“Rachel Hauck is a hilarious and powerful new voice in Christian chick lit. Readers will love Macy and her high-spirited antics, while coming away with something more than just a frothy read.”
—Kristin Billerbeck, author of
What a Girl Wants
and
She’s All That
“In
Georgia on Her Mind,
a fresh voice breezes onto the chick lit scene and blows away the competition. Funny, thought-provoking and heartwarming, this book took me through a gamut of emotions. I laughed, I cried, I laughed again and then sat very still at the conclusion, mulling over the ending. Rachel Hauck’s first venture into the chick lit genre is certainly not going to be her last. Grab a latte, pull up a chair and don’t make any plans that can’t be changed, because, I warn you, it will be very difficult to put the book down.”
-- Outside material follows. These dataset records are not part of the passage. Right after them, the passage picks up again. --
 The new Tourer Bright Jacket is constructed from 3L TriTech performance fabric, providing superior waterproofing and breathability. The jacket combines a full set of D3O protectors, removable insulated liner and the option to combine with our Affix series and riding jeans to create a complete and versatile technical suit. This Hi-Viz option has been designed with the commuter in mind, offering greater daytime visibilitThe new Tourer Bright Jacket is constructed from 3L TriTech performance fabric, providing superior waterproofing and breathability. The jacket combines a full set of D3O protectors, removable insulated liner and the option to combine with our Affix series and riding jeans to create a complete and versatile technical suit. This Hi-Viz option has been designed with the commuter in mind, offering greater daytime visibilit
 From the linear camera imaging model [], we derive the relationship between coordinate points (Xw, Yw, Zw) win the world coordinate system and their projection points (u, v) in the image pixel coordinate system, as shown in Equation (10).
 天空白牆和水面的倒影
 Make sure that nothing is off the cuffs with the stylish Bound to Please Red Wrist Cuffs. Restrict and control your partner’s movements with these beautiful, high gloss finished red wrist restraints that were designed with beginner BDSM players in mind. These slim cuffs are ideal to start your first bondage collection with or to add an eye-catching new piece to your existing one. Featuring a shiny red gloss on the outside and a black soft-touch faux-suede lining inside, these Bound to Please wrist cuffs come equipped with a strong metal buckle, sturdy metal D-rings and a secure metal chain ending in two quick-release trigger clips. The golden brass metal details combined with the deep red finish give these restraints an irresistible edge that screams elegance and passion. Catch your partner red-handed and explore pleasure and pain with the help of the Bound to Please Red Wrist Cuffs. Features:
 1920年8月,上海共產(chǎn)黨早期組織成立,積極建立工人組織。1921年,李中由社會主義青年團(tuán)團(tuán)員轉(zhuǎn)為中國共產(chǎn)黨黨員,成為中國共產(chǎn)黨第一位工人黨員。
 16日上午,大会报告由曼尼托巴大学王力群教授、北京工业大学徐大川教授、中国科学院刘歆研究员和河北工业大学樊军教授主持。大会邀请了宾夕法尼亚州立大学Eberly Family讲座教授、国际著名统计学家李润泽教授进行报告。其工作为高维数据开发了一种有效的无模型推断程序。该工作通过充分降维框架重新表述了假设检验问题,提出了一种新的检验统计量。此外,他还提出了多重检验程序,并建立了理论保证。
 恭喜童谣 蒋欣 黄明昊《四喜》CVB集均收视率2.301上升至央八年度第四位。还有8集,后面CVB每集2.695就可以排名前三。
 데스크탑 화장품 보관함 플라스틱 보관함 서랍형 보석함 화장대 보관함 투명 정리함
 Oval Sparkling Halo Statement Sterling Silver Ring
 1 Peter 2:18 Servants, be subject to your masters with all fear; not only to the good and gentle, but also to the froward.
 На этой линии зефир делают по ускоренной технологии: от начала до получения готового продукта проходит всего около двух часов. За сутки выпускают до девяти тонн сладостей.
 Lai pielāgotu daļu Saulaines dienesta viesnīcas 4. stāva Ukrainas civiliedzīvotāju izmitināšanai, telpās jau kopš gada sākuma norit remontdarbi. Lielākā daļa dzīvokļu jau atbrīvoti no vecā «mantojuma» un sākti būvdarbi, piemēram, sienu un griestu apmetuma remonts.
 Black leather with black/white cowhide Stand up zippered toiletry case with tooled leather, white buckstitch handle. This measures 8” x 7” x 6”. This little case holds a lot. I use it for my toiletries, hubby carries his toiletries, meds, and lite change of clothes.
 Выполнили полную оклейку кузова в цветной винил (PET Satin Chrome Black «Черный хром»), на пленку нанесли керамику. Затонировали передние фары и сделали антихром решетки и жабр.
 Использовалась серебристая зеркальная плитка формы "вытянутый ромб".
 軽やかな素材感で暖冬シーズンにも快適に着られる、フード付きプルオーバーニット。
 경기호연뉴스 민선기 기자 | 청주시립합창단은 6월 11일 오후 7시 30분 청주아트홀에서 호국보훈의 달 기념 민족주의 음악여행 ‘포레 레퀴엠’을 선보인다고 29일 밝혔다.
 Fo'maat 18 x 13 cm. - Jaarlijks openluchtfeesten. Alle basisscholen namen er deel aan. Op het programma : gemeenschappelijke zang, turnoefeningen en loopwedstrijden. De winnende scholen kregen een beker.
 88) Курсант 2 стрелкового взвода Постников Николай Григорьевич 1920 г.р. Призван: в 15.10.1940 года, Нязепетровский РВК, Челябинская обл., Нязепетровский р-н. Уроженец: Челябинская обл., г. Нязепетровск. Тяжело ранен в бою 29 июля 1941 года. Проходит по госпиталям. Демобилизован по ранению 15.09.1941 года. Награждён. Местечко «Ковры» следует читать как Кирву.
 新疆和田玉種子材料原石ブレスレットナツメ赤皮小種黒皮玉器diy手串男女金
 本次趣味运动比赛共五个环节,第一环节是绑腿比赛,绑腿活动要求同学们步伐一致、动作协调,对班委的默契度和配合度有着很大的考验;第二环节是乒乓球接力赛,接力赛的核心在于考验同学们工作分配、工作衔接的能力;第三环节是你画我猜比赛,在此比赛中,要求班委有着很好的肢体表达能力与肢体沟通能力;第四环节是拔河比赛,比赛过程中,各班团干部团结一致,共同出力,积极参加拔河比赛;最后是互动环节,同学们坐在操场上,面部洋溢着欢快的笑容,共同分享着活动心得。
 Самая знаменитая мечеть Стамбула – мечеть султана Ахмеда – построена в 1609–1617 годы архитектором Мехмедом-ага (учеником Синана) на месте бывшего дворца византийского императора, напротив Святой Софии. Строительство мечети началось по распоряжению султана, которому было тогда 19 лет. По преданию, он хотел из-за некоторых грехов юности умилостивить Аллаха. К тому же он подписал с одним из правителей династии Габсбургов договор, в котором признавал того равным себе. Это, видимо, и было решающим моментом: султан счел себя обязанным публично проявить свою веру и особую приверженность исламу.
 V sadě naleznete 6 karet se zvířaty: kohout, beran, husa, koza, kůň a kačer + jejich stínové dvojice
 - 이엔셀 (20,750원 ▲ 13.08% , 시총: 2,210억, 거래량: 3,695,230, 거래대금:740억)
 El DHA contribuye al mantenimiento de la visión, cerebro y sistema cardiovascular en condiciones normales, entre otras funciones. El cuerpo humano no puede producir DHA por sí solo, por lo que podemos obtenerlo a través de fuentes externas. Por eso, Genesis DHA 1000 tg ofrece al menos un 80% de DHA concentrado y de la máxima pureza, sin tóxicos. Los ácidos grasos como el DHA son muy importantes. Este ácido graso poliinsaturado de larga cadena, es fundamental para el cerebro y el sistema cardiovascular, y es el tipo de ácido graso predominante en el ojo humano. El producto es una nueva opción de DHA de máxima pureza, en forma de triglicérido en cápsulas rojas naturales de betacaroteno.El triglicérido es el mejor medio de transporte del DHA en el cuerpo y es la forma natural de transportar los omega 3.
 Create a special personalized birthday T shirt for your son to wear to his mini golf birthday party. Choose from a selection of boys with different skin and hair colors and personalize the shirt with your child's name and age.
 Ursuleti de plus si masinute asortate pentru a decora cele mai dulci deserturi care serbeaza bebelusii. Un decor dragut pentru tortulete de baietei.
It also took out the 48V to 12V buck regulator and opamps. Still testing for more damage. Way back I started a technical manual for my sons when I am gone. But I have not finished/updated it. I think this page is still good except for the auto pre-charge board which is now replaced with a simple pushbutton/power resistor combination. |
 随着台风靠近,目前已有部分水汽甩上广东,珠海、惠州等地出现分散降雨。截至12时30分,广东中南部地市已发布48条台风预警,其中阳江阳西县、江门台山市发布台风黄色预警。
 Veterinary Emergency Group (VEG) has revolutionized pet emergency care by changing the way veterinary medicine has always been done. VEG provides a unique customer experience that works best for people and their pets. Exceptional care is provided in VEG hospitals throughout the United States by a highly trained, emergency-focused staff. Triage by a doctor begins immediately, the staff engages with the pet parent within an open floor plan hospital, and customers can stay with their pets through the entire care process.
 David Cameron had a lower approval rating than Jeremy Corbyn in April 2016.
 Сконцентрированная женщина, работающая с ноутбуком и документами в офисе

—Tracey V. Bateman, author of
Leave It to Claire
“Really fabulous chick lit is hard to find, but Rachel Hauck delivers just that with
Georgia on Her Mind
. This book has it all: great characters, the perfect voice and a hilarious, yet touching, story as Macy bumbles her way to a happy-ever-after ending. This is one for my keeper shelf, and all future books by Ms. Hauck are going to be as necessary as my daily iced Americano.”
—Colleen Coble, author of
Alaska Twilight
“Sweet, poignant and funny! A beautiful story of how our darkest moments can lead to our greatest dreams. Rachel knows how to turn a phrase and capture hearts. Well done!
—Susan May Warren, award-winning author of
Everything’s Coming Up Josey
For my dad, John Charles Hayes,
who watches and waits with the
Great Cloud of Witnesses.
I miss you, Pop, but I’ll see you soon.
Georgia on Her Mind
was written by one, but birthed by many. My journey is fragrant with the love and support of many people. Below is my humble attempt to share my gratitude.
To my friend, Jesus, the creative genius behind anything I write or say. Mistakes are mine. The beauty is all Yours. I am absolutely nothing without Your love and affection. You’re my beloved and my friend.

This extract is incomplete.